When we are still, we are present with one another. We do not have to worry about our technique or our creativity or doing the right thing – we simply are one another.

When we are still, the noise drops out, and we can connect with each other more deeply on an emotional level.

When we are still, we have the time and energy with which to listen to one another.

And when we are still, we start from a baseline out of which we can use our bodies intentionally to communicate with one another.

Now to be clear, the type of stillness I am talking about varies immensely. And one does not of course have to be completely still, and most certainly not all of the time. One simply has to choose to move out of a base of stillness. Stillness takes form such as a 6 second long hug at a beginning of a dance; it may be the simple suspending breaths on counts 4 and 8; it could be a break in the music where you simply stand and look at one another; it could be counterbalance in an extended movement, when your eyes meet for a split second across the distance of your extended arms.

As a leader, to initiate stillness shows followers that you are present with your follower. It shows that you are eager to communicate on a level that goes beyond simple steps. It shows them that you care about your connection. It shows that all of the movements you will initiate come out of partnership and intention. (For more on which, see this recent post on leader qualities.)

As followers, this enables you to be truly, incredibly in tune with your partners.  Sometimes in classes followers are told to “have patience” or to “wait.” “Don’t anticipate!” instructors admonish. But I argue that in doing so these instructors do not quite get at the heart of the matter. Instead, I would insist: Be still. Listen.

When a leader stops moving, I know, I know, you might really want to keep moving. You might want to keep doing a basic or to take this moment to do something cool with your hips or your hands and shine. But if you also go still, and you wait, then you and your partner share a beautiful moment of tension and suspension, in which you are both ready to hear the slightest signal from one another’s bodies. You could then choose to move – but in this case it would be a moment of intentional communicating, not for the arbitrary sake of constant motion.

For both leaders and followers, out of stillness comes a platform for truly communicating. Instead of moving willy nilly just because that’s what you’re supposed to do, movement becomes intentional. Every move conveys an emotion, an idea, that your partner can interpret, and volley back to you.

Consider an exercise of standing in closed position with a partner with your eyes closed. Stand still. Don’t move. As a leader, transfer your weight slightly back and forth between your feet, ever so slightly. Your follower should be able to feel this and move with you. Go back to standing still. You can breathe together, literally. With stillness, this is possible, as you slow down and feel each other. In a state of stillness you can do other intentionally feeling things such as slightly tap your fingers, tilt your head, pop your rib cage, shake your shoulders gently, wait for a second or two then do a subtle roll of your abdomen. Each of these movements is a communication for your partner and your partner alone. An audience could maybe see this if they’re looking for it (and personally am watching for it like a hawk), but they don’t know what it feels like.

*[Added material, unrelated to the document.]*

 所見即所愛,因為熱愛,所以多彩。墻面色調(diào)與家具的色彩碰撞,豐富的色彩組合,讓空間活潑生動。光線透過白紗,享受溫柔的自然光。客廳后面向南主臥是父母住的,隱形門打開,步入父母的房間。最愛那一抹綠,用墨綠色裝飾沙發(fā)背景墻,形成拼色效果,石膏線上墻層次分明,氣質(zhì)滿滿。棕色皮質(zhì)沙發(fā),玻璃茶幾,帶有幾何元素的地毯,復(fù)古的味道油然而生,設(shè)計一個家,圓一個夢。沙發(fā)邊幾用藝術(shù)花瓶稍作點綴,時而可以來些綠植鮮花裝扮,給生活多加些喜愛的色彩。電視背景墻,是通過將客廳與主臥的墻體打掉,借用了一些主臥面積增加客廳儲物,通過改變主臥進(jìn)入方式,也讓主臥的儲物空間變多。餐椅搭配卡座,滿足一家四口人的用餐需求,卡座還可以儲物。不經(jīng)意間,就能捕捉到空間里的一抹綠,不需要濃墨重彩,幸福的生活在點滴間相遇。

So I do not mean to say that when you dance you should never be moving. You should. And I don’t mean to say that followers should never move when their leaders give them stillness. Because out of stillness comes opportunities to connect, and to communicate with your body.

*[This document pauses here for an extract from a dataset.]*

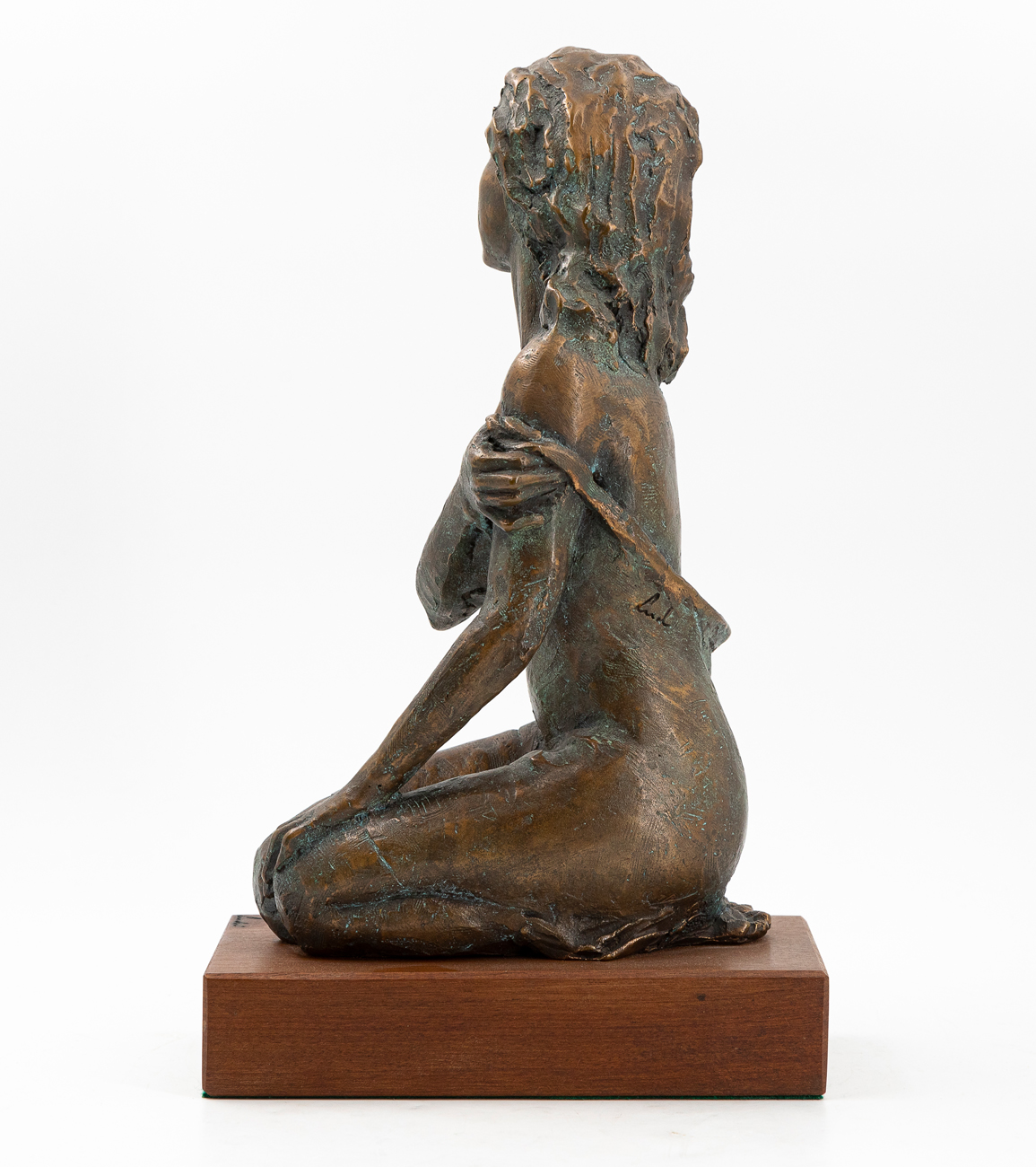Scultura in bronzo poggiante su base in legno

But I believe that the default when we dance should be stillness. The default should be presence. The default should be listening. And then, from that platform, movements can all be intentional, emotional, interesting, connected. Instead of rushing ahead with movement, we wait and move in synchrony.  This is because our movements are not given but intentional acts of communication, ones that convey affects such as love, joy, sensuality, passion, tenderness, fire, playfulness, or whatever you’d like.